San Francisco Board of Education Commissioner Alison Collins on Wednesday filed a lawsuit against the San Francisco Unified School District and five of her fellow commissioners who voted last week to remove her from her role as board vice president.

The resolution to remove Collins as vice president was drafted by commissioners Jenny Lam and Faauuga Moliga, after Twitter comments Collins made in 2016 that demeaned Asian Americans resurfaced last month.

In addition to the district, the suit also named commissioners Lam, Moliga, Matt Alexander, Kevine Boggess and Mark Sanchez as defendants.

The suit alleges the resolution was illegal and commissioners violated Collin’s first amendment rights of free speech by stripping her of her vice president role.

The suit said:

“Rather than take actions to protect Black and Brown children from racist harassment and bullying, defendants opted to ‘burn’ the messenger, using a pretzel-twisted redirection of Ms. Collins’ seasoned social metaphors aimed at uniting all marginalized, colonized and racially oppressed people against racism and oppression.”

The suit further alleges the action to remove Collins as vice presidents caused “irreparable injury, loss and damage to Ms. Collins, including damage to her reputation and standing in the community.”

The suit is seeking $12 million in damages from the district, as well as each of the five board members, in addition to an additional $3 million in punitive damages from the five board members, totaling $87 million altogether.

In the 2016 Twitter thread, Collins addressed anti-Black racism at her daughter’s Asian American majority school, using terms like “tiger moms” and “house n****r” toward Asian Americans and also accused Asian Americans of using “white supremacist thinking to assimilate and ‘get ahead.'”
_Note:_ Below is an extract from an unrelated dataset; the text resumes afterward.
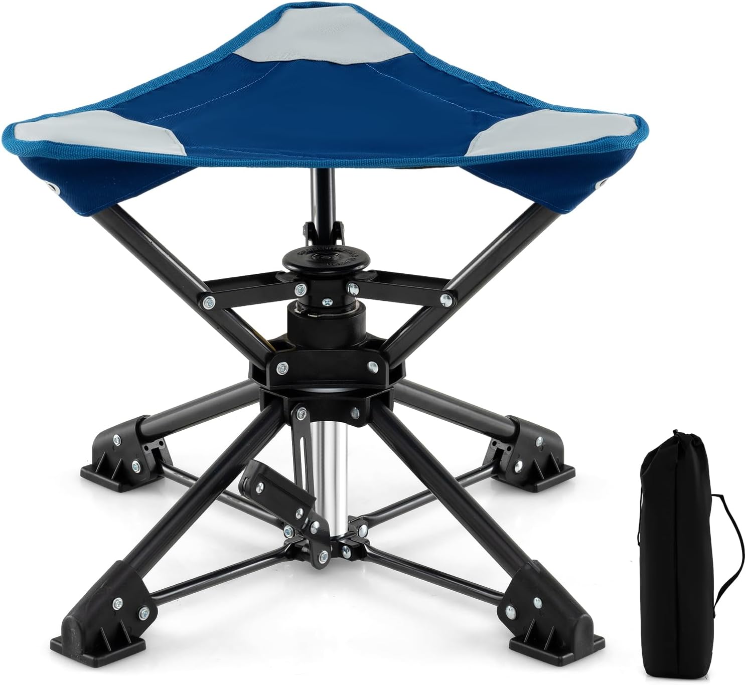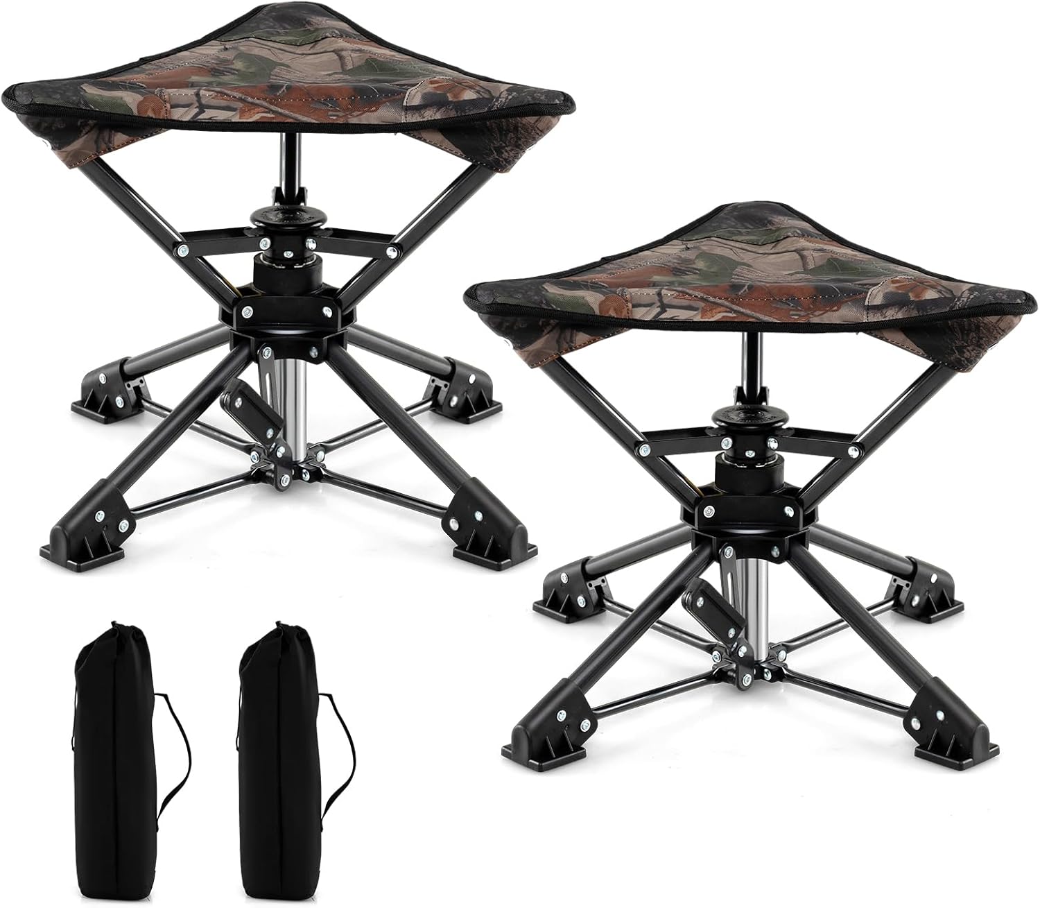 Description:Experience Comfort and Convenience Like Ever Before!Our folding tripod camping stools boasts a 360° flexible rotating base that ensures a smooth and quiet movement, allowing you to easily turn and adjust in any direction. It is built with a sturdy metal frame and reinforced with 4 wide stabilizing feet, ensuring a stable and reliable seating option on a variety of terrains. Plus, the 600D oxford seat is both waterproof and tough enough to withstand the rigors of the outdoors, ensuring long-lasting performance. Folding and unfolding the stool is a breeze, simply press or step down to collapse it, and slip it into the included carrying bag for easy transportation and storage. Ideal for camping, fishing, hunting, and attending outdoor events, this portable stool combines convenience, comfort, and versatility to meet the needs of adventurers and casual users alike.Features:360° rotation, turn around to take in different views at outdoor eventsMetal frame offers sturdy and reliable support, not easy to wobbleEquipped with anti-slip and anti-sink footpads, ensure good stability and balanceHigh-strength 600D oxford seat, not easy to wear or tear, built to lastEasy and effortless to set up and take down in seconds, no tools requiredEquipped with a compact and lightweight carrying bagIdeal for beaches, picnics, camping, fishing, hunting, hiking, backpacking, travels, etcSpecifications:Color: Camouflage/Blue+BlackMaterial: Metal, 600D Oxford ClothProduct Dimensions: 17" x 15.5" x 14.5" (L x W x H)Folding Size: 5.5" x 5.5" x 24" (L x W x H)Weight Capacity: 330 lbsNet Weight: 5.5 lbsPackage Includes:1/2 x Folding Camping Chair1/2 x Carrying Bag1 x User’s Manual

When the old tweets were brought to light over a week ago, they were met with outrage and calls from several city leaders for Collins to step down, including both Lam and Moliga. Collins has since apologized for her past comments.

Collins and her supporters held a rally late Wednesday afternoon outside SFUSD headquarters.

“I will continue to advocate for children and family and for those whose voices are often unheard and whose futures lie in the balance,” Collins said at the rally. “I invite you to join me in making this moment count to not let me or anyone else be swept under the rug, canceled, or dismissed for speaking truth to power.”

SFUSD did not immediately respond to a request for comment.

Collins is being represented by attorney Charles Bonner.